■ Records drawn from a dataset
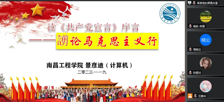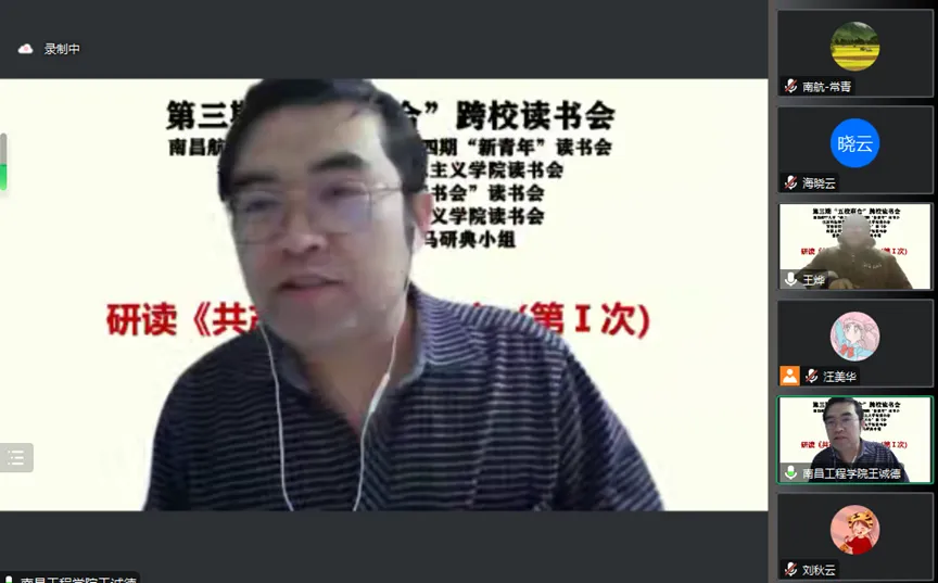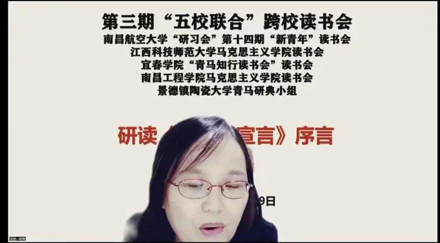这次五校跨校读书会,激发了同学们研读经典的热情,同学们每次读《共产党宣言》序言都如新风扑面。最强烈的感觉是不回避、不啰嗦、不绕弯,无废话、无空话、无假话,直击要害,革故鼎新。《共产党宣言》第一次完整而深刻地阐述了马克思主义及其科学社会主义的基本思想、基本原理和基本宗旨。习近平总书记指出,从《共产党宣言》发表到今天,170年过去了,人类社会发生了翻天覆地的变化,但马克思主义所阐述的一般原理整个来说仍然是完全正确的。今天重读《共产党宣言》,我们更加深刻地感悟到马克思主义真理精神,更加坚定了马克思主义信仰和共产主义必胜信念,增强了学习贯彻习近平新时代中国特色社会主义思想的思想自觉,增强了实现“两个一百年”奋斗目标的行动自觉!
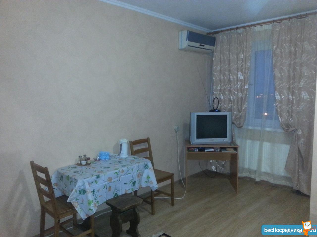 Сдам мебелированную студию с бытовой техникой на длительный срок, без животных.Квартира с ремонтом в хорошем состоянии.Балкон застеклен.Хозяин.
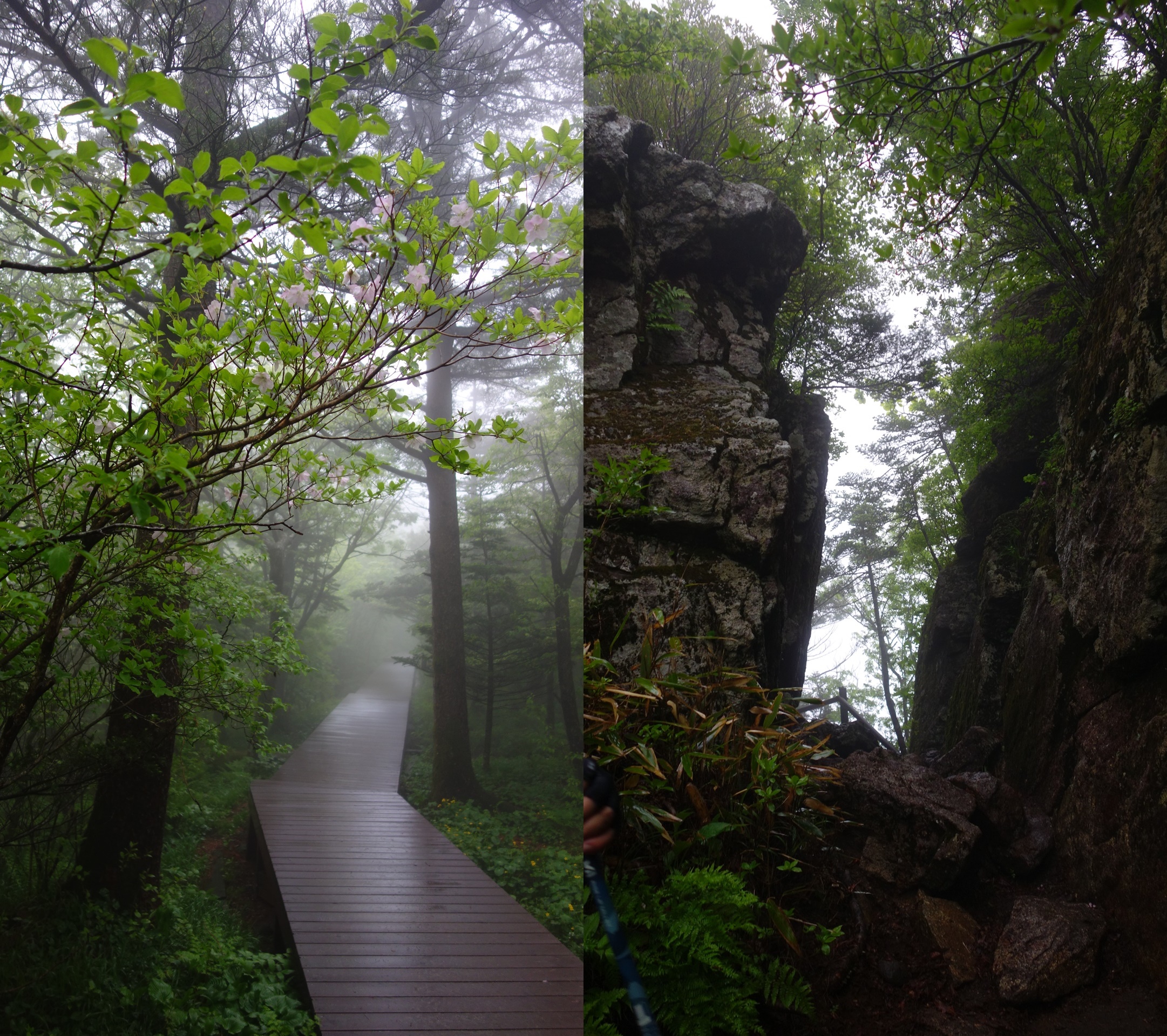 날씨가 좋았으면 반야봉의 철쭉도 매우 예뻤을 텐데, 부슬부슬 내리는 안개비가 매우 야속하더라.
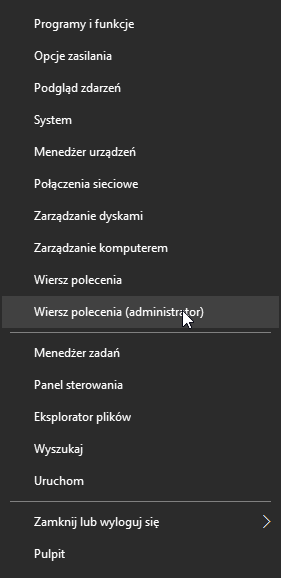 2. Wybierz opcję “Wiersz poleceń (administrator)
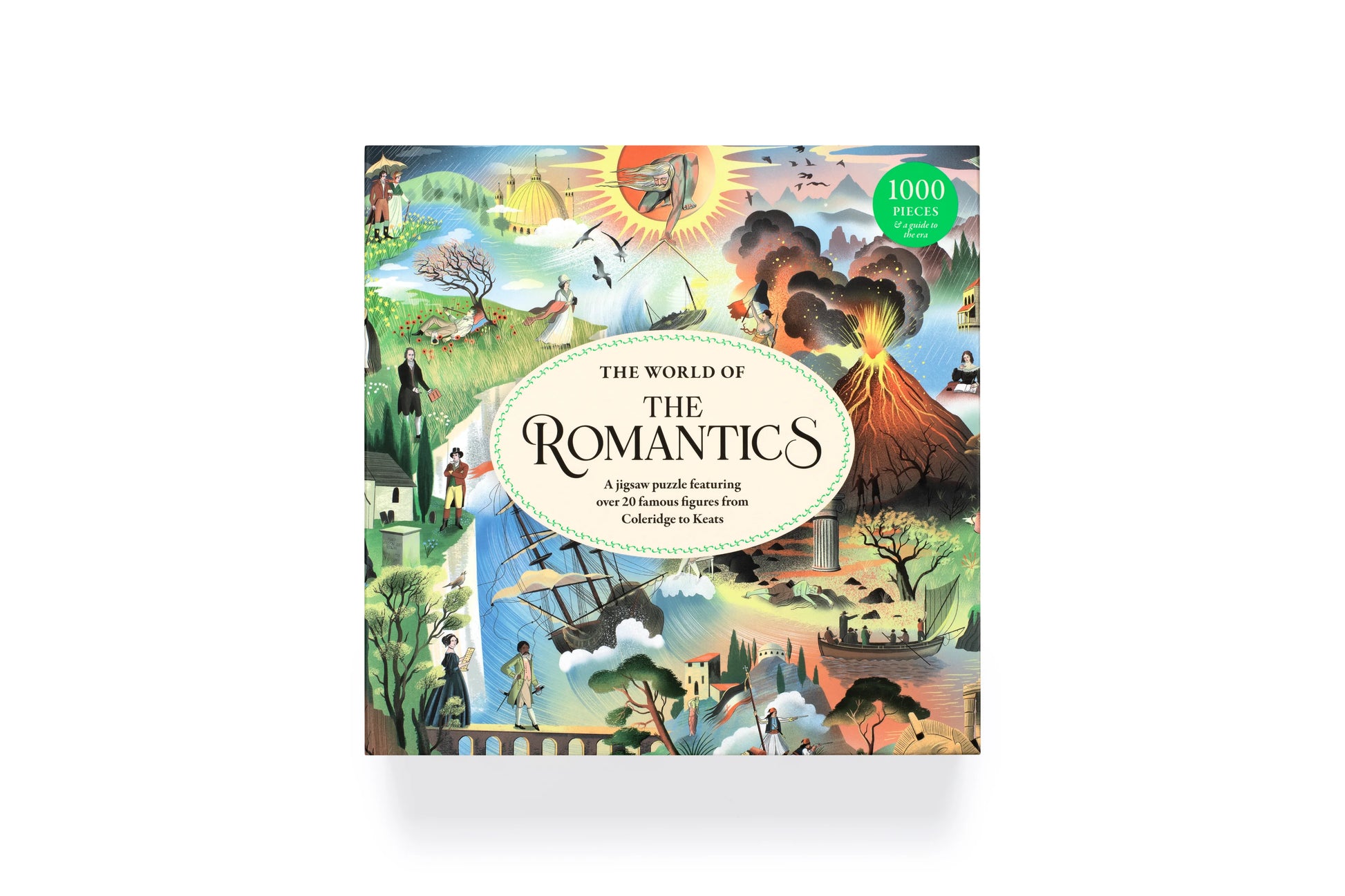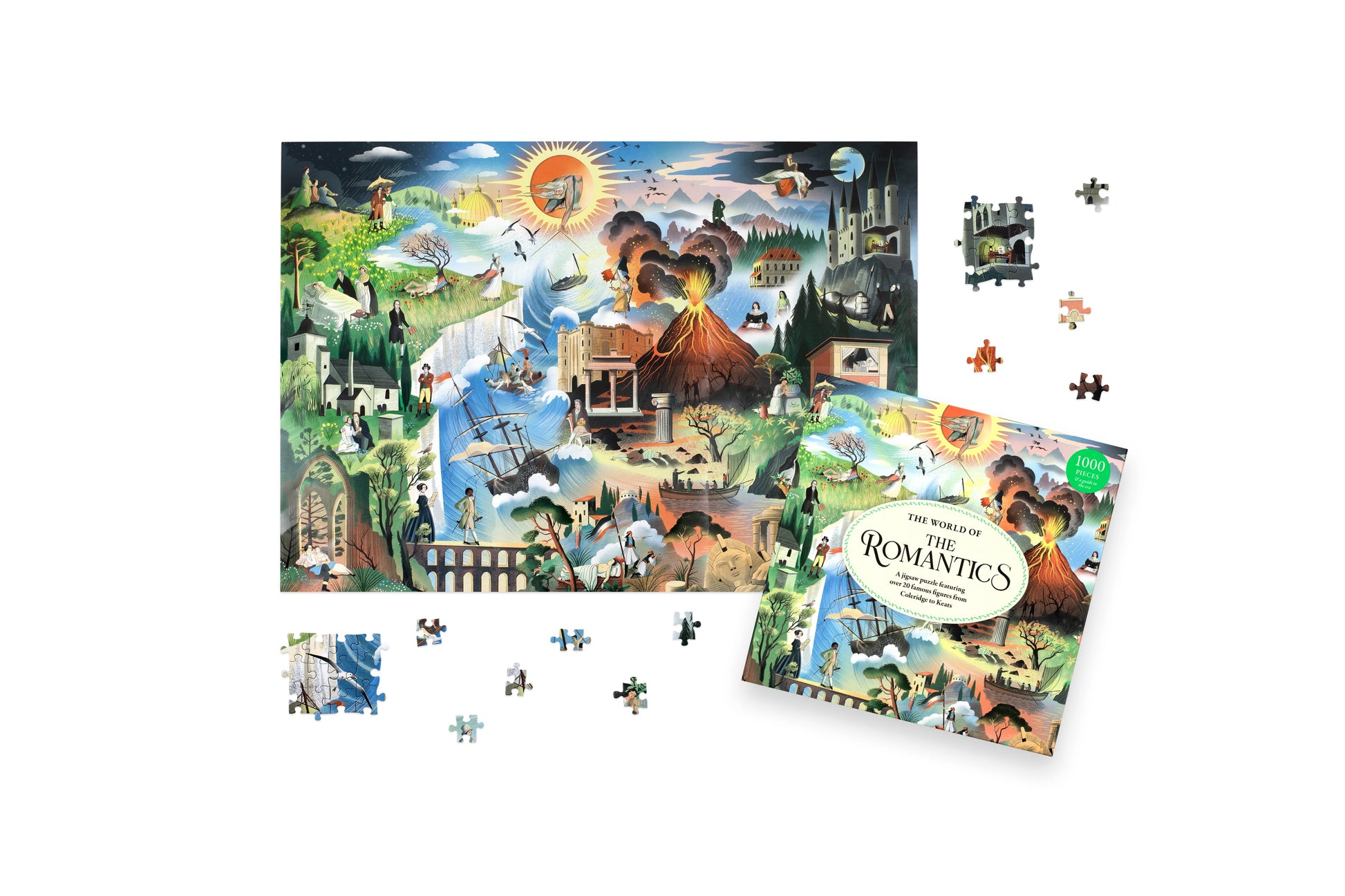 Detta intrikat detaljerade pussel visar berömda poeter, författare, konstnärer, aktivister, musiker och vetenskapsmän från den romantiska rörelsen, däribland makarna Shelley, Lord Byron, Keats, Coleridge, Wordsworth, Blake, Beethoven, Turner och många fler. Res från Lake District till Medelhavet medan du fördjupar dig i naturens och konstens mäktiga kraft, inspirerad av det sublimas estetik.
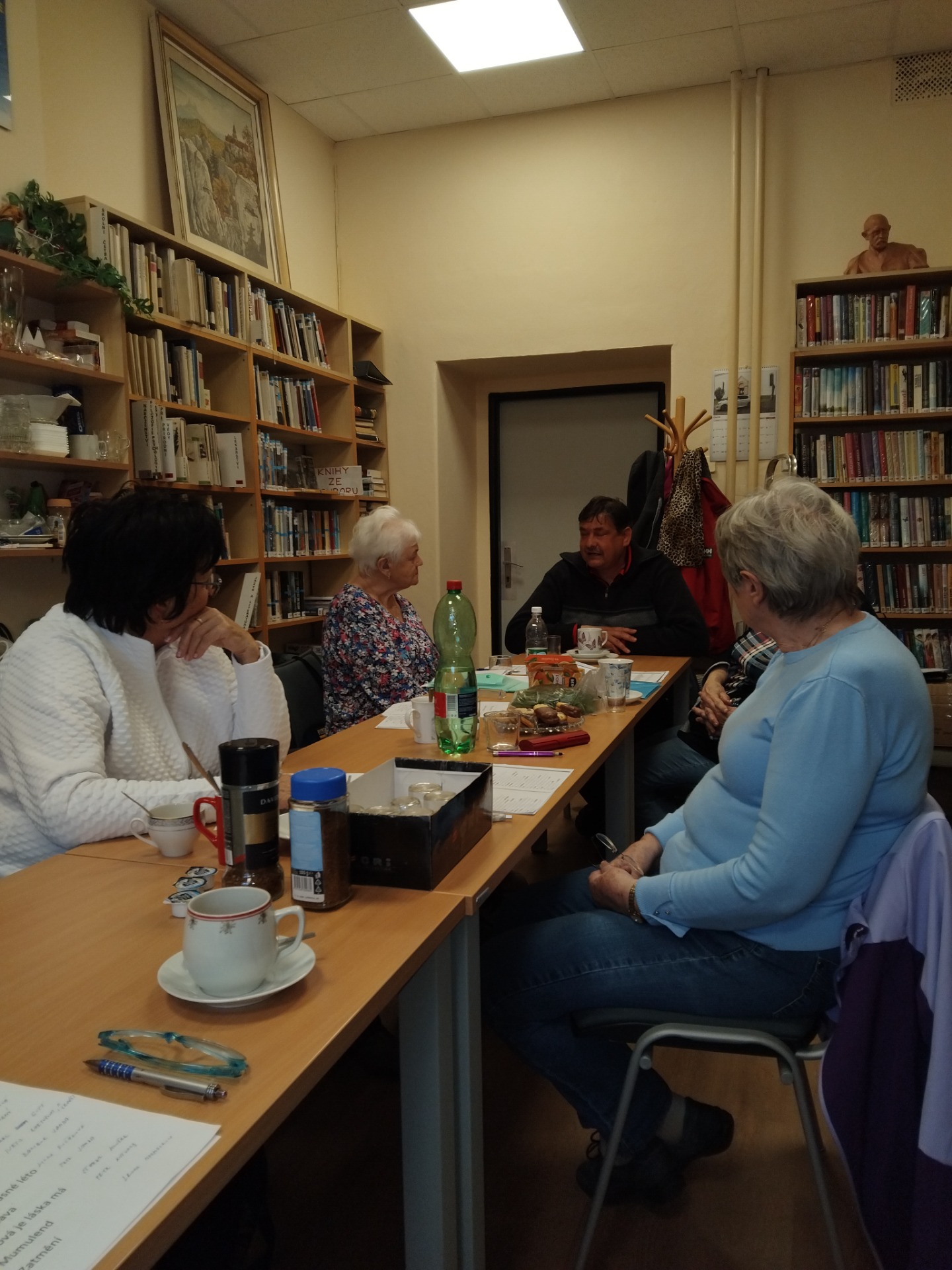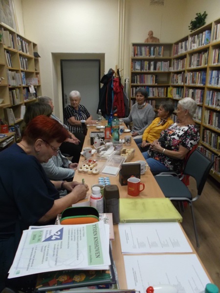 Říjnový "babinec" - v pondělí 7. října se v knihovně konalo neformální posezení nad knižními a jinými novinkami. Navázání na tradici oblíbených "babinců" inicioval a podpořil spolek MAS Achát a s paní Kmošťákovou jsme se domluvili o možnostech další spolupráce v rámci projektu komunitního setkávání seniorů.
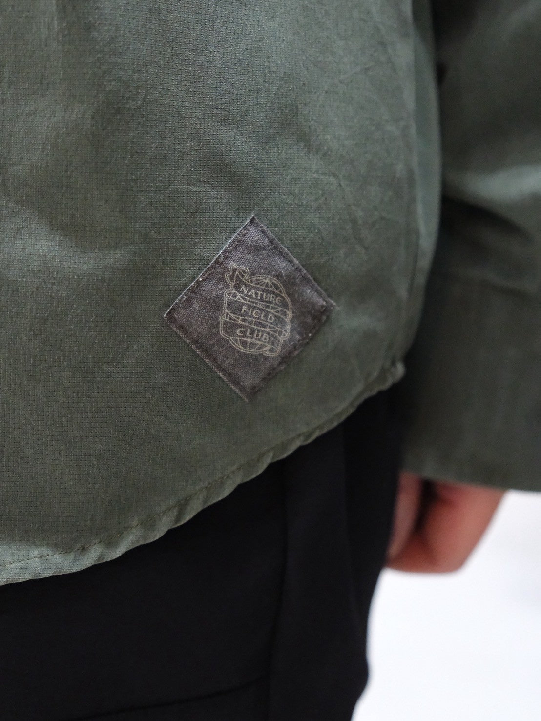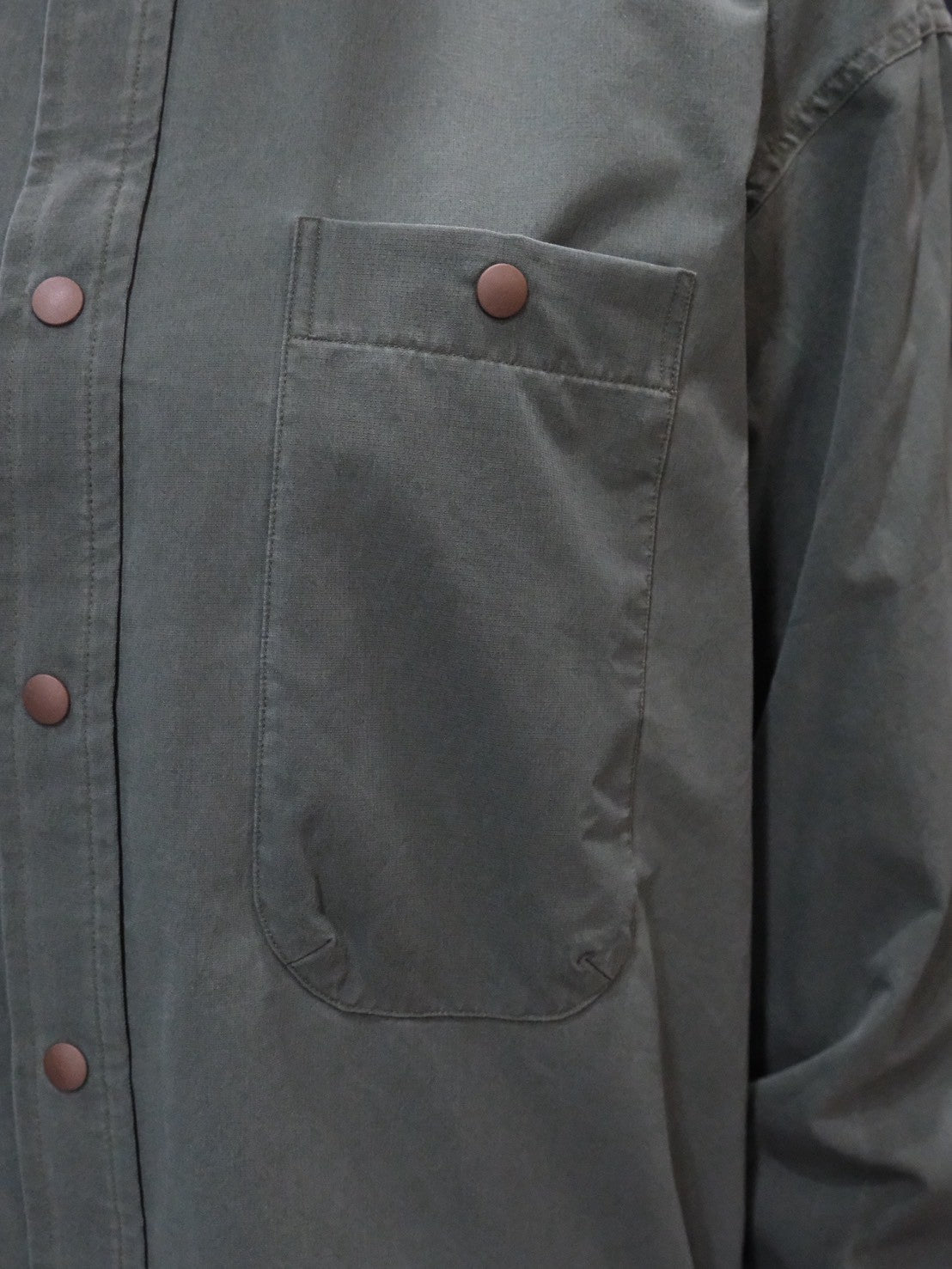 微細なメッシュ構造の生地表面に顔料プリントを施し製品洗い加工を入れる事で、まるでコットンのように自然なエイジング感を表現し、機能性とカジュアル感を両立させました。
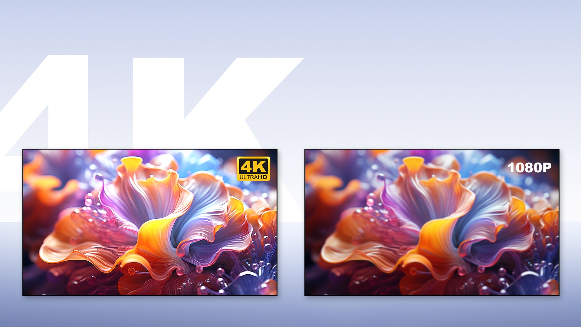 Formatos comuns: 1:1, 4:3, 16:9, 2.35:1. Para projetores modernos, 16:9 é perfeito – enquadramento impecável para filmes, séries e jogos.

■ What is required
Leave out the pictures and print each record exactly as it stands.

■ Result of the task
这次五校跨校读书会,激发了同学们研读经典的热情,同学们每次读《共产党宣言》序言都如新风扑面。最强烈的感觉是不回避、不啰嗦、不绕弯,无废话、无空话、无假话,直击要害,革故鼎新。《共产党宣言》第一次完整而深刻地阐述了马克思主义及其科学社会主义的基本思想、基本原理和基本宗旨。习近平总书记指出,从《共产党宣言》发表到今天,170年过去了,人类社会发生了翻天覆地的变化,但马克思主义所阐述的一般原理整个来说仍然是完全正确的。今天重读《共产党宣言》,我们更加深刻地感悟到马克思主义真理精神,更加坚定了马克思主义信仰和共产主义必胜信念,增强了学习贯彻习近平新时代中国特色社会主义思想的思想自觉,增强了实现“两个一百年”奋斗目标的行动自觉!
 Сдам мебелированную студию с бытовой техникой на длительный срок, без животных.Квартира с ремонтом в хорошем состоянии.Балкон застеклен.Хозяин.
 날씨가 좋았으면 반야봉의 철쭉도 매우 예뻤을 텐데, 부슬부슬 내리는 안개비가 매우 야속하더라.
 2. Wybierz opcję “Wiersz poleceń (administrator)
 Detta intrikat detaljerade pussel visar berömda poeter, författare, konstnärer, aktivister, musiker och vetenskapsmän från den romantiska rörelsen, däribland makarna Shelley, Lord Byron, Keats, Coleridge, Wordsworth, Blake, Beethoven, Turner och många fler. Res från Lake District till Medelhavet medan du fördjupar dig i naturens och konstens mäktiga kraft, inspirerad av det sublimas estetik.
 Říjnový "babinec" - v pondělí 7. října se v knihovně konalo neformální posezení nad knižními a jinými novinkami. Navázání na tradici oblíbených "babinců" inicioval a podpořil spolek MAS Achát a s paní Kmošťákovou jsme se domluvili o možnostech další spolupráce v rámci projektu komunitního setkávání seniorů.
 微細なメッシュ構造の生地表面に顔料プリントを施し製品洗い加工を入れる事で、まるでコットンのように自然なエイジング感を表現し、機能性とカジュアル感を両立させました。
 Formatos comuns: 1:1, 4:3, 16:9, 2.35:1. Para projetores modernos, 16:9 é perfeito – enquadramento impecável para filmes, séries e jogos.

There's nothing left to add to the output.